Posted 28 декабря 2010, 21:00

Published 28 декабря 2010, 21:00

Modified 8 марта, 06:34

Updated 8 марта, 06:34

Король репризы

28 декабря 2010, 21:00
Николай ЭРДМАН 1900, Москва – 1970, там же

Когда сегодня в поисках новостей переключаешь телеканалы, то никак не разминешься с некоторыми поднадоевшими эстрадными кумирами и кумиршами, поющими песни на чудовищные по убожеству подтекстовки. Пусть бы выступали там, где продаются билеты, для тех, чьи вкусы уже неисправимы, но не навязывались миллионам телезрителей, начиная с детей. Это же порча национального вкуса.

Я-то помню других эстрадных артистов в прифронтовой Москве в сорок первом. Среди них была и моя совсем не знаменитая молодая мама, которая входила в концертную агитбригаду вместе с такими знаменитостями, как Леонид Утесов, Клавдия Шульженко, Илья Набатов, Константин Симонов, Маргарита Алигер.

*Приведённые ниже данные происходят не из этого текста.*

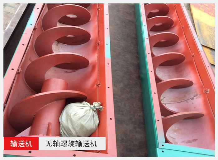 無軸絞龍螺旋輸送機就是其,螺旋軸上只有螺旋葉片沒有螺旋軸。所以叫做無軸絞龍螺旋輸送機。
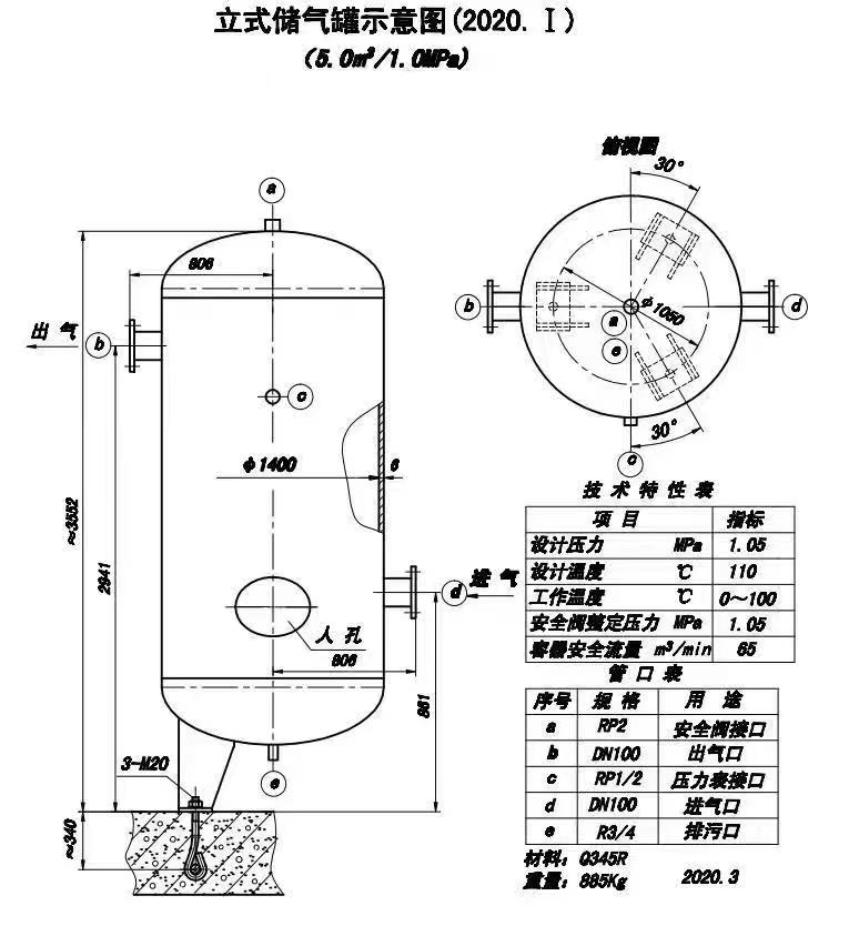 空氣儲(chǔ)罐多設(shè)計(jì)成立式結(jié)構(gòu),便于安裝使用,現(xiàn)介紹5立方立式空氣儲(chǔ)罐,它采用Q345R材質(zhì)制作,總重885kg,其它參數(shù)如下:

Мама пела новорожденные песни, которые живы и сейчас. На один из концертов для ополченцев, уходивших из заводского дома культуры прямо на фронт, мама взяла меня. Слушатели, все в разномастном штатском, сидели, сжав коленями старенькие винтовки. Отправив меня к бабушке в Сибирь, мама дошла с армией до Пруссии, где и отпраздновала Победу. Привезла она только один трофей – челюсть газели с пластинкой, на которой выгравировано, что эта газель убита рейхсмаршалом Герингом. С той поры слова «артист» и «поэт» для меня связаны со словом «Победа».

А через много лет, когда я стал членом худсовета Театра на Таганке и пригласил маму на одну из премьер, Юрий Петрович Любимов воскликнул:

– Зина! – И они, приведя меня в замешательство, обнялись.

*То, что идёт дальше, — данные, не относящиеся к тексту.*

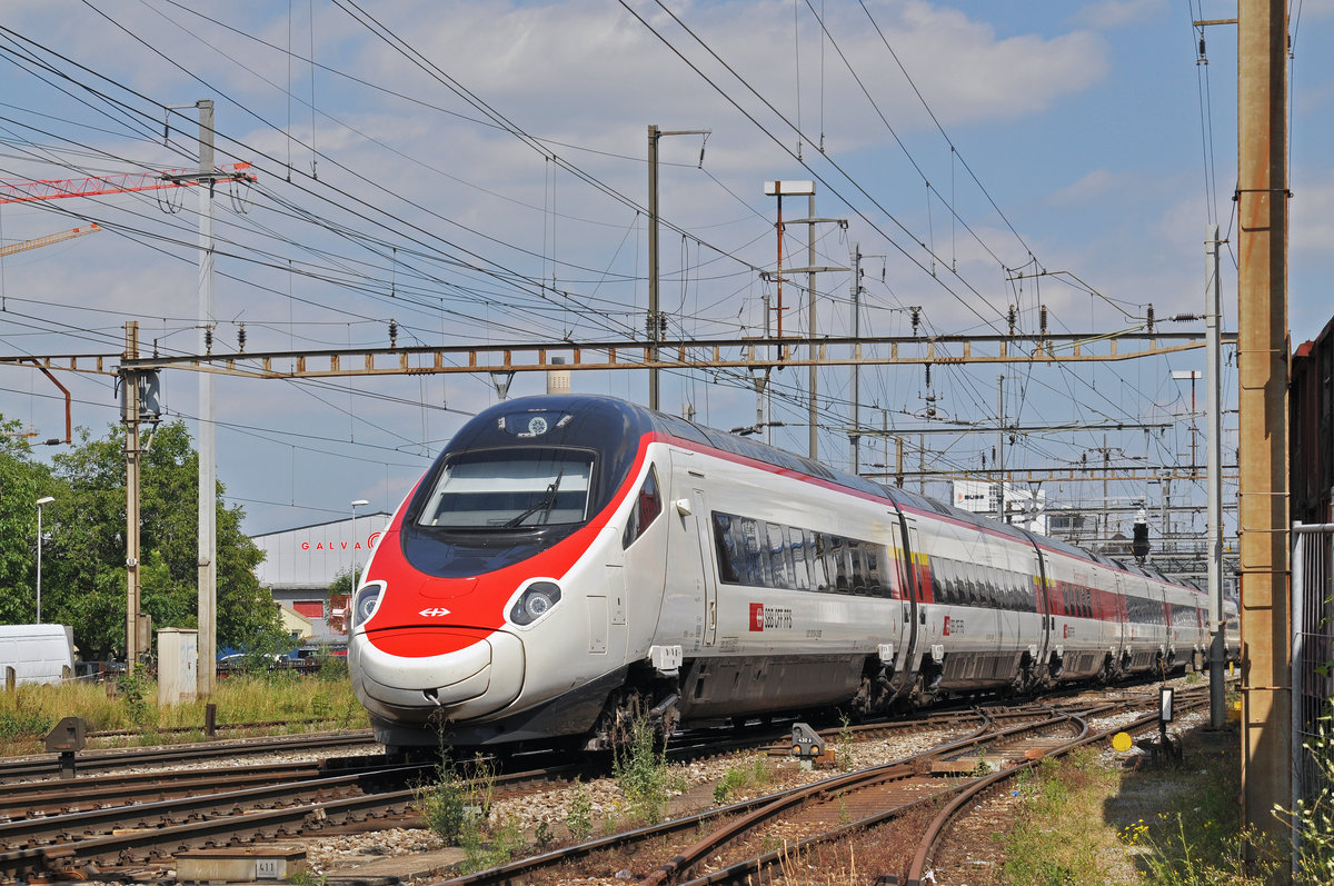 ETR 610 durchfährt den Bahnhof Pratteln. Das abzweigende Gleis führt auf eine Strasse und in ein Industriegebiet, von wo aus auch diese Aufnahme am 16.07.2016 entstand.

– Ну, все-таки узнал, не зазнался… – немножко ворчливо сказала мама, а сама прослезилась.

Оказывается, они встречались на фронте. А единственный из всех членов худсовета, которого темпераментный Любимов никогда не перебивал, Николай Робертович Эрдман, проскрипел:

– А вот ты сама не зазналась ли, Зинуль? Что ж меня не узнаешь?

И, к моему ошеломлению, они тоже почеломкались, как старые знакомые. А Любимов объяснил, что во время войны и он, и Эрдман были мобилизованы, и не кем-нибудь, а самим Берией, в Ансамбль песни и пляски НКВД, где режиссером, кстати, служил Сергей Юткевич. У Любимова на стене кабинета он написал: «Юра, помнишь, как мы вместе плясали в органах?» Вот каким был путь диссидента номер один советского театра! Прав Андрей Вознесенский: «Судьба, как ракета, летит по параболе…» А уж судьба Николая Робертовича – это почище северянинского: «Из Москвы – в Нагасаки! Из Нью-Йорка – на Марс!»

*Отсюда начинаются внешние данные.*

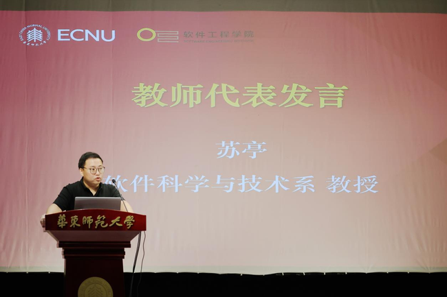 公司教师代表苏亭首先发言。他以老师与学长的身份,向同学们发出了亲切叮咛。从逐步明确自己的目标、学会积极主动、应对困难与挫折、给予别人帮助、平衡学习与生活几个角度向同学们给出了自己的建议,展现出公司教师对新生们诚挚的欢迎。
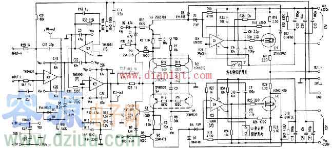 本文介紹一個由運放和多個晶體管組成的10W功率放大器電路,如下圖所示,元件雖然多了一點,但是失真度卻非常低。10W低失真運放推動晶體管功放制作電路 電路中運放的作用是電壓放大,晶體管VT1~VT7用于電流放

Уж кто-кто, а Эрдман совсем не походил ни своей утонченной культурой, ни чувством мудрого олимпийского юмора на сегодняшних насквозь коммерциализированных циников из бизнес-богемы. Его называли королем репризы. Он виделся мне пришельцем из невообразимого далека. Владимир Маяковский мерился с ним острословием. Всеволод Мейерхольд поставил у себя в театре его пьесу «Мандат» (1925), которая только на этой сцене прошла 360 раз. Там были реплики, ставшие поговорками:

– Молодой человек, вы в Бога верите?

– Дома верю, на службе нет.

Там бушевала советская хлестаковщина:

– А если я с самим Луначарским на брудершафт пил, что тогда?

Есть в «Мандате» и сатирические выпады. Так, сын, решивший поступать в партию, все-таки опасается:

– А вдруг, мамаша, меня не примут?

– Ну что ты, Павлуша, – успокаивает его мать, – туда всякую шваль принимают.

Однако в целом «Мандат» остается в рамках комедии. Зато следующая пьеса Эрдмана – «Самоубийца» (1930) прямо по ходу действия превращается из комедии в сатиру. Сам язык становится ее инструментом:

– Слово не воробей, выпустишь – не поймаешь… А за это тебя поймают и не выпустят.

Центральный персонаж этой пьесы – никакой не борец, не герой, и просит он у власти самую малость:

– Ради бога, не отнимайте у нас последнего средства к существованию, разрешите нам говорить, что нам трудно жить. Ну хотя бы вот так, шепотом: «Нам трудно жить». Товарищи, я прошу вас от имени миллиона людей: дайте нам право на шепот. Вы за стройкою даже его не услышите. Уверяю вас. Мы всю жизнь свою шепотом проживем.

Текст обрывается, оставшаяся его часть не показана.